During Wynne’s time as premier, the manufacturing sector increased by about 18,400 jobs. In the past 12 months under Ford, Ontario has lost nearly twice that many manufacturing jobs (33,000), the figures show.
Meanwhile, the overall unemployment rate is declining or flatlining in neighbouring provinces with large economies. Unemployment is a comparatively healthy 5.9 per cent in neighbouring Quebec and 5.8 per cent in Manitoba.
Let’s admit, however, the limitations of having fun with numbers, no matter how unfunny. Let us not forget the old adage, in economics as in politics, that there are three kinds of lies:
Lies, damned lies, and statistics.
By that measure, Ford is an expert practitioner of all three. For as long as he has been premier and even before, he has pilloried his opponents as economic charlatans and portrayed himself as a prudent steward of the province’s industrial heartland.
Not a day goes by that he doesn’t proclaim this truism to be self-evidently true — without any evidence beyond a statistical sleight of hand and a rhetorical trick. As for those annoying economic indicators, Ford insists they are merely a reflection of robust immigration numbers leading to more people chasing jobs.
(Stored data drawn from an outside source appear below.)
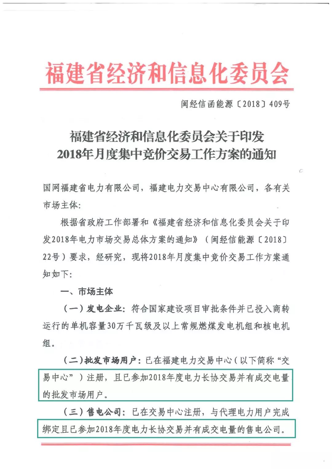 5月20日,福建經(jīng)信委印發(fā)《2018年月度集中競(jìng)價(jià)交易工作方案》。已參加2018年度電力長(zhǎng)協(xié)交易并有成交電量的批發(fā)市場(chǎng)用戶(hù)、售電公司可以參與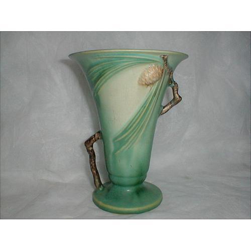 THIS VASE IS BY ROSEVILLE IN THE PINECONE PATTERN AND IS BELIEVEE TO BE THE SAVIOR OF THE COMPANY IN THE 30'S AS WITHOUT IT, ROSEVILLE WOULD HAVE CLOSED ITS DOORS. THIS VASE MEASURES 6 IN. TALL AND 5 IN. IN DIAMETER AND IS IN VERY GOOD CONDITION WITH NO CHIPS, CRACKS, HAIRLINES, OR REPAIRS. THIS DESIGN IS REALISTIC WITH HANDLES IN THE FORM OF BRANCHES JOINED TO A PINECONE. EACH PINECONE IS EMBOSSED AND DECORATED BY HAND AND THEN DIPPED IN A MATT GLAZE.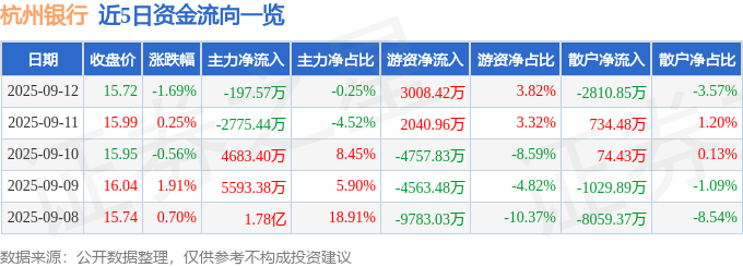 证券之星消息,截至2025年9月12日收盘,杭州银行(600926)报收于15.79元,下跌1.25%,换手率0.37%,成交量27.18万手,成交额4.32亿元。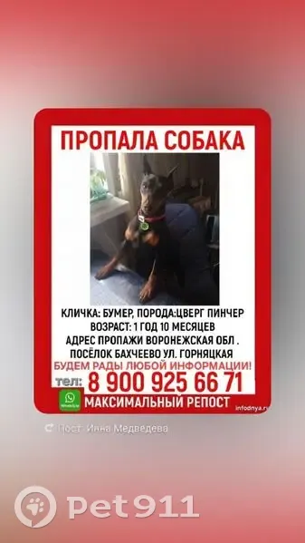 Объединено с объявлением rl1020178. Причина-дублирование информации. Описание дублирующего объявления: Цвергпинчер был украден в поселке Бахчеево, Семилукском районе. Был в красном ошейнике с зелёными адресником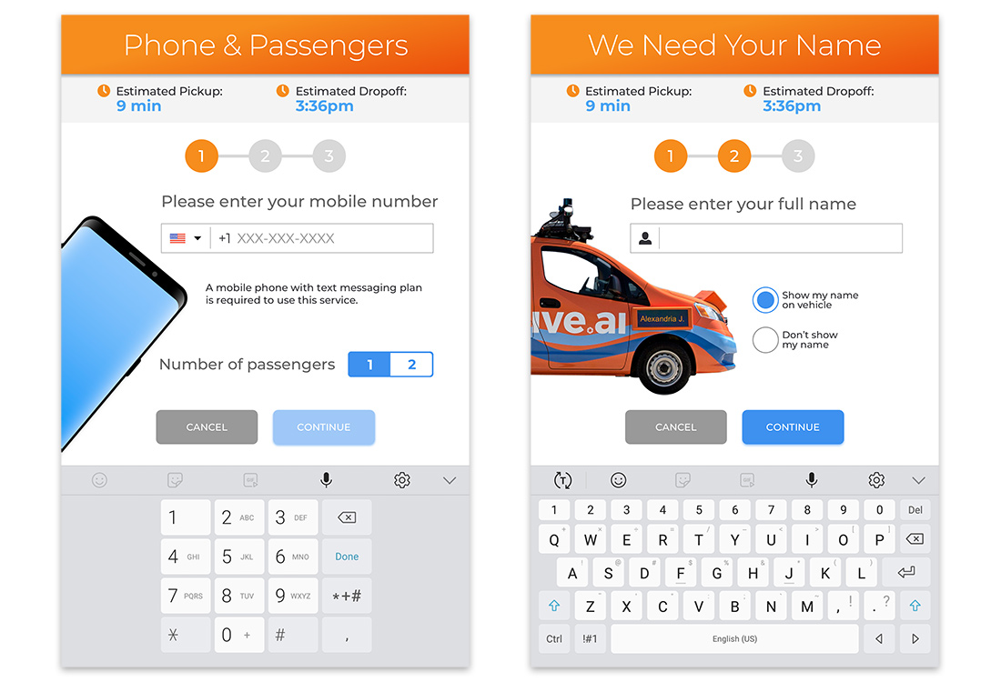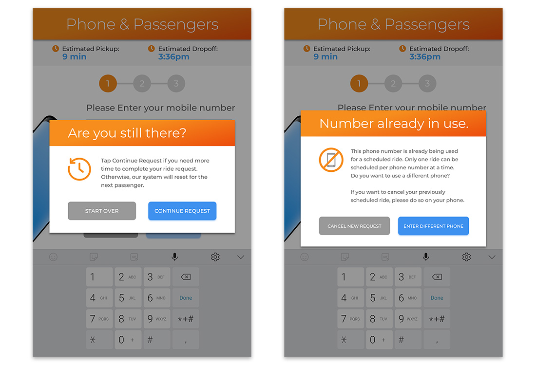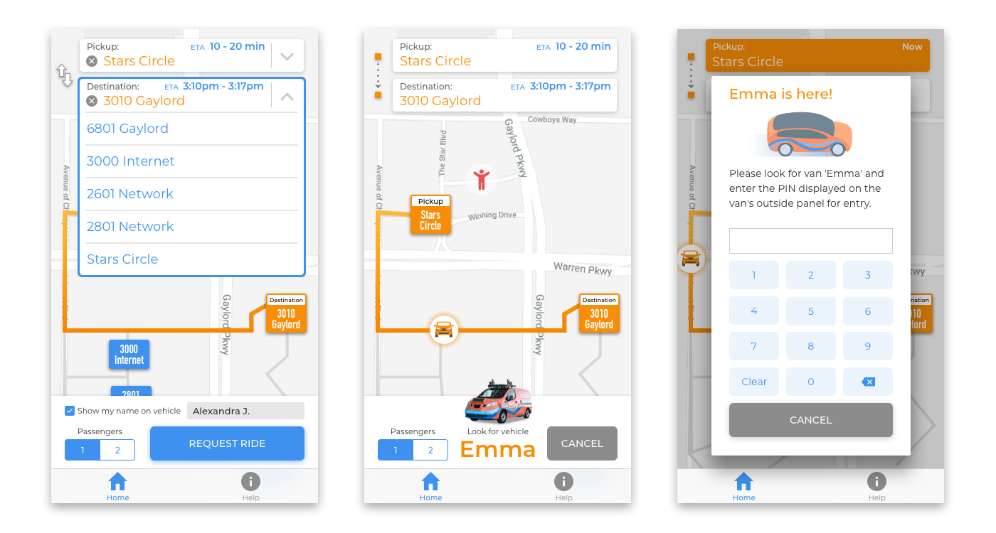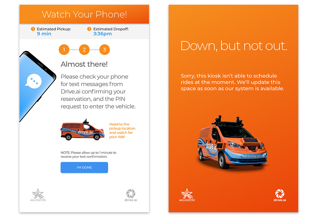 The pilot program we started in Arlington Texas was designed to cater to transient visitors for sports events, business conferences, etc. We couldn't rely on visitors having access to our mobile app, so we developed a kiosk system that allowed passengers to schedule rides at different locations around the city. This interaction presented a challenge in that passengers had no way to enter an identifying PIN to access the vehicles. So we established a text messaging sequence that kept passengers updated about the status of their rides, and enabled them to identify themselves by responding to messages.

Unfortunately for him, Statistics Canada notes that while the labour force rose by 0.4 per cent in November, it was “offsetting a similar-sized decline in October” — in other words, a wash — while the unemployment rate jumped.
To put this in perspective, Ontario’s unemployment rate has soared by a full 1.5 percentage points over the past 12 months. Against that backdrop, our premier is not only unprepared but unrepentant:
“We are the envy of North America, we’re the envy of the world,” Ford boasted lustily in the legislature.
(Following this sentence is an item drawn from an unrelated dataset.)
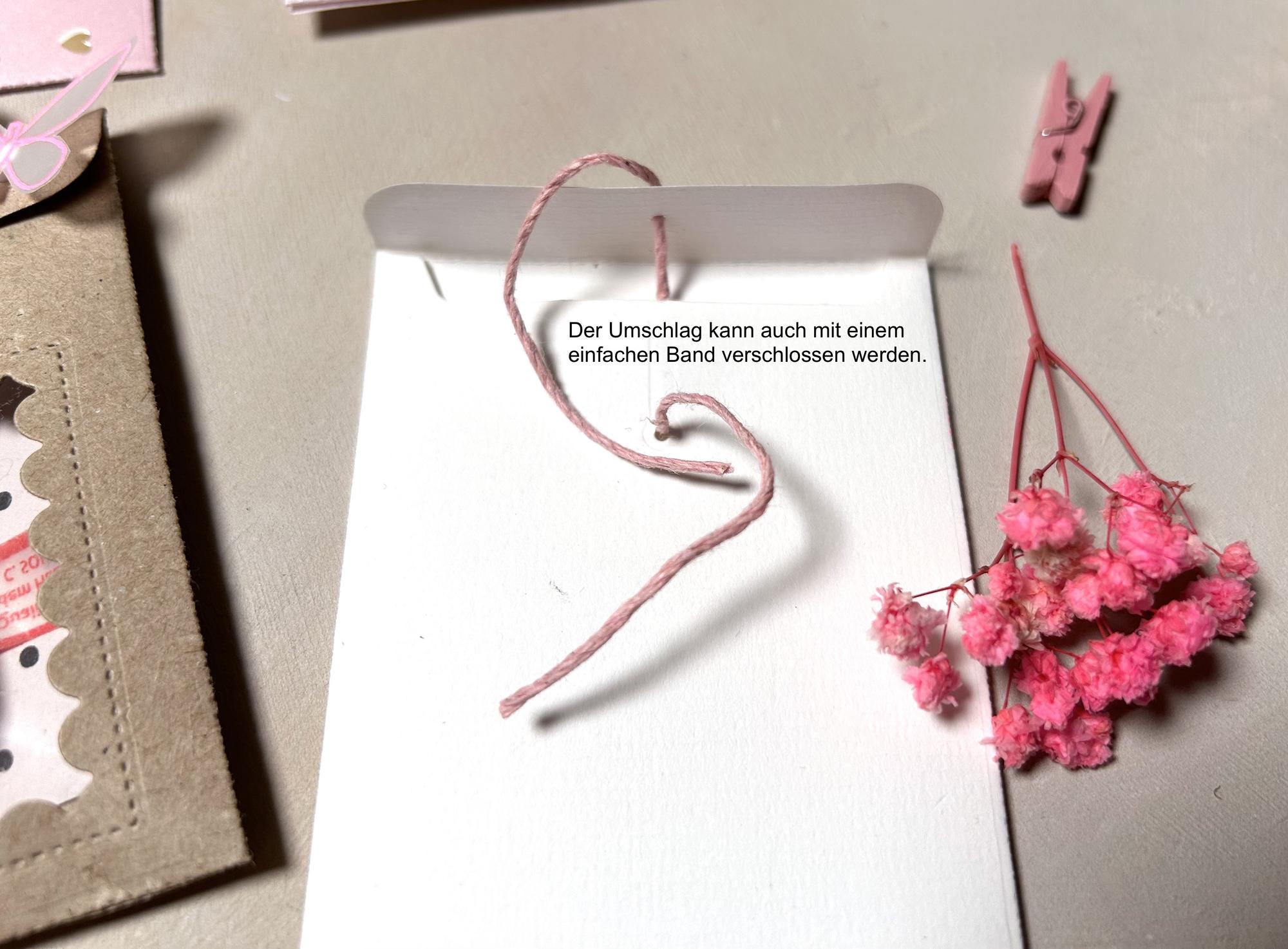 Das besondere dieser Stanze ist Ihr Verschluss, der sogenannte Japanverschluss. Er wird mit Hilfe eines Bandes, das um zwei Brads/ Klammern wie eine 8 gewickelt wird, verschlossen.

“You wonder why President-elect Trump wants to put tariffs? Because we’re a threat to the U.S., because we’re a manufacturing powerhouse. We created more manufacturing jobs last year than all 50 U.S. states combined.”
Never mind that the independent statistical agency says we’ve been losing those manufacturing jobs over the past year. That’s an awfully bad baseline to boast about, before any Trump tariffs add more fuel to the fires of unemployment.
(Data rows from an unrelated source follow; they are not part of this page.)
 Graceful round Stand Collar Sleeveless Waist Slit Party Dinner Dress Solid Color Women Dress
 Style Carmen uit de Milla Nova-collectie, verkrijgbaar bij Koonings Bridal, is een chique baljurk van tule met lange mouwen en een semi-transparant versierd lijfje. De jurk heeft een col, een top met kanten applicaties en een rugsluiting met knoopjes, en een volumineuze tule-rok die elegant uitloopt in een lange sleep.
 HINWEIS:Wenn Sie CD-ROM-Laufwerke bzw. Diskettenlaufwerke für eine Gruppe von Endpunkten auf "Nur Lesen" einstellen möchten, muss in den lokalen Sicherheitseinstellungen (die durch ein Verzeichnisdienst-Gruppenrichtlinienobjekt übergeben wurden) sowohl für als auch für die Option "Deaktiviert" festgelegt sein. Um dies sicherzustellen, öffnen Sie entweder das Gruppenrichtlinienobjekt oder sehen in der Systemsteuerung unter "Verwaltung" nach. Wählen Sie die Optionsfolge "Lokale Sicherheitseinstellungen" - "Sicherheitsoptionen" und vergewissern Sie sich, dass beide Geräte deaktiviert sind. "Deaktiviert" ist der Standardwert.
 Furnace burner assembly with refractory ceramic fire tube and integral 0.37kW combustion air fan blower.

To his credit, Ford has recently been relatively restrained about bilateral boasting and domestic dissing. When America’s president-elect publicly trolls Justin Trudeau, the premier rallies to the defence of the prime minister and downplays Trump’s puerile mockery as merely humorous musings.
But it’s fair to say that Ford got carried away with his own hyperbole this week by claiming that Trump’s threats are proof he’s feeling threatened. As illogical as those tariff threats might be in terms of economic theories of trade and comparative advantage, they have their own inexorable logic.
Given how intertwined our supply chains are, the tariffs may be empty threats that never come to pass, but we will still pay a price. For there is method to Trump’s madness, because the more he imperils our trade horizons, the more he discourages future foreign or domestic investment in the manufacturing sector.
Even if Trump pulls back from his doomsday tariff scenarios, he still wins the day because future investors will be more inclined to locate their plants on the American side of the border to avoid future angst. Brace for the economy to get worse in 2025, but remember that all was not well in 2024.
What ever future tariffs Trump has in store for us, remember how we got to where we are today. For unemployment keeps rising inexorably, courtesy of Ontario’s incumbent premier, not America’s incoming president.